Mr. Harvey to Mr. Seward.
Sir: I transmit with this despatch the copy of a proposition recently presented to the Chamber of Peers by the Marquis de Sá da Bandeira, one of the most distinguished men of the country, for the immediate extinction of slavery in Portugal and its possessions. Slavery now actually exists in but a limited degree, and would wholly disappear, by the operation of law, on the 29th of April, 1878. The Marquis de Sá, who was the author of the original measure of abolition, has constantly followed it up in the cortes by propositions for sweeping away every vestige of the condition of bondage, which, while conferring no benefit upon the kingdom, has not only remained a blot upon its good name, but has subjected it to misunderstandings and misrepresentations.

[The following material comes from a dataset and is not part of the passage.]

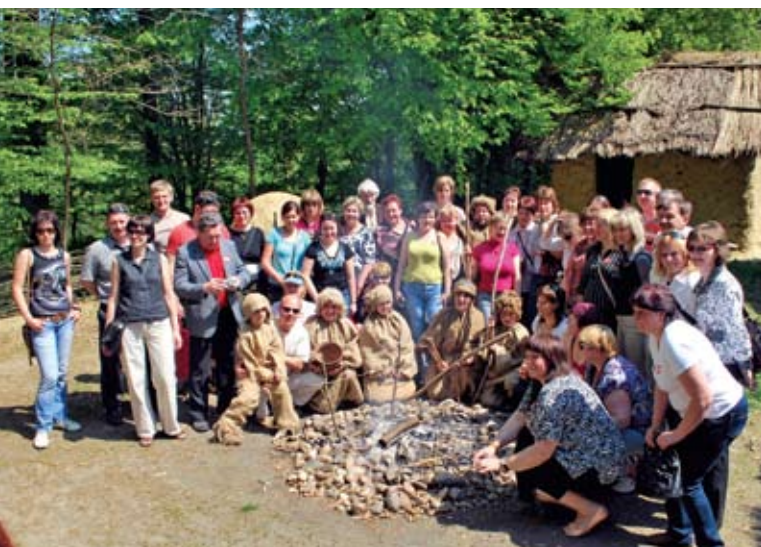
Tinklo projekto vykdymas yra galimybė išeiti už savo kiemo vartelių, už savo kaimo ribų. Viešnagė Slovėnijoje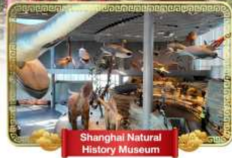
Shanghai Natural History Museum

It is estimated that there are nearly 100,000 slaves in the Portuguese possessions in Africa and the neighboring islands, including the Cape de Verdes. Under the process of gradual emancipation heretofore adopted, the friends of immediate abolition have found themselves embarrassed by the difficulty of compensating the owners of these slaves, owing to the straitened resources of the public treasury. The principle having been accepted, at the beginning, of emancipating by degrees, the public opinion, though quite prepared for the complete extinction of slavery, has held it to be just, in the event of a radical change in that policy, to compensate the owners for the time being. These good dispositions, however, have had to encounter the obstacle of limited means, and consequently slavery has been dragging out its term of existence, while the nation has, in fact, regarded its doom as sealed since 1854. The present plan proposes to overcome the practical difficulty suggested by converting the actual slaves into freedmen, (libertos,) and allowing their owners the benefit of their labor until the 29th of April, 1868. This transition state of freedmen owing service for a limited time is materially different from the condition of slavery, and is protected by legal rights and privileges which are calculated to elevate the black man morally and socially.
It is understood that the ministry is favorable to the project of the Marquis de Sá, and therefore it will probably pass into law, though resisted by those who cling to old habits and traditions in an age every step of whose marvellous progress [Page 692] tramples out, as it were, an institution of the past, and marches forward under the banner of newer ideas and a fresh civilization.
It will soon, I hope, be my pleasant duty to announce that no slave clanks the chains of a degraded condition inside the extended dominions of this ancient kingdom.
I have the honor to be, sir, your obedient servant,
Hon. William H. Seward, Secretary of State, Washington, D. C.